Friday my good friend Rodrigo Chavarría died.  A pleasant day out with my wife was suddenly changed as I checked our telephone messages.  Rodrigo was dead a friend’s recorded voice told us.  My wife wept, indeed howled, with grief.  I remained silent.  Later I wept, but the feeling throughout the day, and still this morning, is one of weight and numbness.

When my father died eight years ago, we were prepared for it.  He had been slipping physically for a long time, and God in his mercy had prepared his soul for eternity.  Yes, there was that awful moment when the nurse said, “I think he is going,” and a life ended, but Rodrigo’s death is different.  He died at 55 of a heart attack.  We were not prepared.

I told my wife it felt like the numbness we experience after the shock of a car accident.  Witter Bynner’s poem “Death of a Friend” captures my sensation of going through the motions of living.

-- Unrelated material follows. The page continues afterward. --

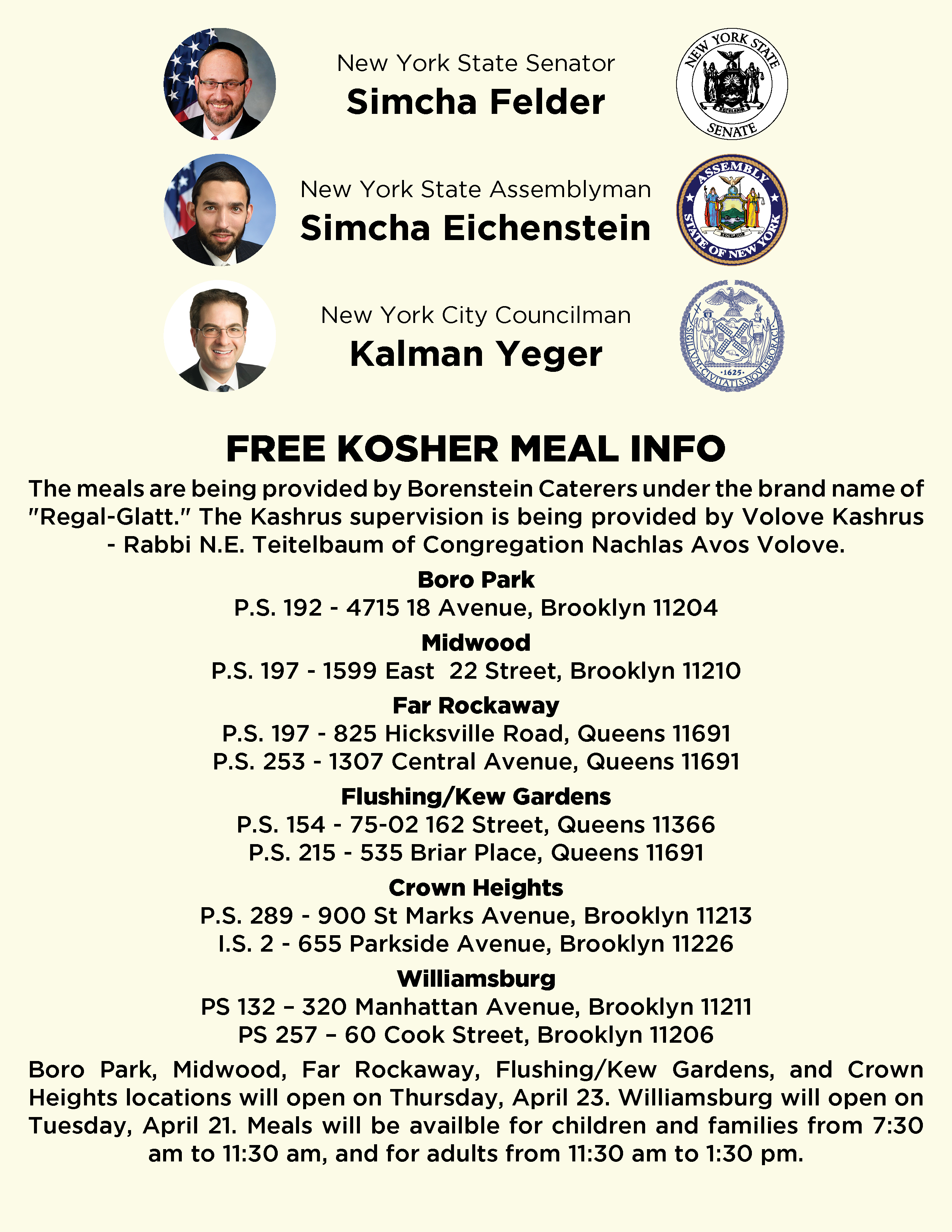 State Senator Simcha Felder, Assemblyman Simcha Eichenstein, and Councilman Kalman Yeger today jointly announced that the NYC Department of Education has agreed to provide Kosher meals for pickup at select public school locations across Brooklyn and Queens.

            I had not known, in friendly life attached,

That death cleaves suddenly yet leaves two legs

That both still bear their weight, two legs still matched

And walking still among the ashen dregs.

I had not known that the body bore so much,

That so bereaved it still would walk and thrive:

I had not known that, with no sense of touch,

An individual could stay alive.[1]

It may be that this numbness is a blessing, since the shock is too much for us to bear.  I am able to grasp partially Mark Twain’s reaction to receiving word of his daughter’s death.  “The intellect is stunned by the shock and but gropingly gathers the meaning of the words.  The power to realize their full import is mercifully wanting.  The mind has a dim sense of vast lost—that is all.”[2]

The soul, a better word than Twain’s “mind,” is enfleshed.  Our soul’s grief affects the body, and the body in turn affects the soul.  We share with the higher animals the physical impact of grief, but our tragedy is to experience loss much more deeply and longer than theirs.  Our world has fallen apart.  Moffat describes reflections on the first shock of death as “a vision of a cosmos devoid of meaning.  It is the world that has died, not the beloved.”[3]

The death of one we love is our death too.  A life is gone to which we were united.  We are torn.  A part of us has died, and yet we live and limp through life.  In a way from which we are mercifully unaware for most of our life, we experience in the death of a friend the truth of John Donne’s “No man is an island entire of itself; … any man’s death diminishes me, because I am involved in mankind.  And therefore never send to know for whom the bell tolls; it tolls for thee.”[4]

Our body’s continued need for food and rest seems to mock our grief.  That I can even write this post seems wrong.  How can my mind coolly analyze itself at a time like this?  Why am I no longer grieving?  Worse yet, pleasures seem to intrude on our mourning and make us feel guilty. How can I laugh rather than weep?  Do I not care enough for my friend, for his family?

To our age all of this emotion seems overdone.  “Of course, be a little sad.  Cry a bit, but don’t carry on so,” it babbles.  Yet ours is a superficial age that trivializes death, repeating mantra like false platitudes such as “death is a part of life.”  We do not feel the full depth of death’s tragedy.  We are not strong enough to weep inconsolably like Rachel did for her lost children (Jeremiah 31:15) or lament like David the death of his friend Jonathan (2 Samuel 1:17-31), and so, as T. S. Eliot’s hollow men, we don’t grieve.  We whimper.

If we allow ourselves to grieve as we should, then we rightly feel that death is not a natural part of life.  It weighs on us as something unnatural.  There is a profundity in a group of family and friends carrying the casket of a departed loved one.  Death is so heavy that we cannot bear it alone.  We need each other.  In the olden times the mourners threw dirt on the lowered casket.  As the earth covers the body of the beloved; so death weighs so heavily upon us that we can scarcely breathe.

We even need to be careful of a too automatic or immediate Christian consolation.  Yes, we do not grieve as those without hope (1 Thessalonians 4:13).  The hope of the resurrection is real, but its consolation is not complete until the day of Christ’s return.  The weight of grief is heavy, but it will be surpassed by the eternal weight of glory (2 Corinthians 3:17).  Yet the weight of eternity is far too much for we mortals to bear now.  We must be prepared for it by the weight of suffering and grief and by the grace of God.

Good-bye, Rodrigo.  We shall see you in the morning.  God, help us to live the many mornings to come.

 

[1] Witter Bynner, “Death of a Friend,” in In the Midst of Winter, ed. Mary Jane Moffat (New York: Vintage Books, 1992), p. 5.  I highly recommend Moffat’s collection of writings from the literature of mourning.

[2] From his Autobiography in Moffat, Winter, p. 6.

[3] Moffat, Winter, xxvi.

[4] Devotions on Emergent Occasions, Meditation XVII with English modernized.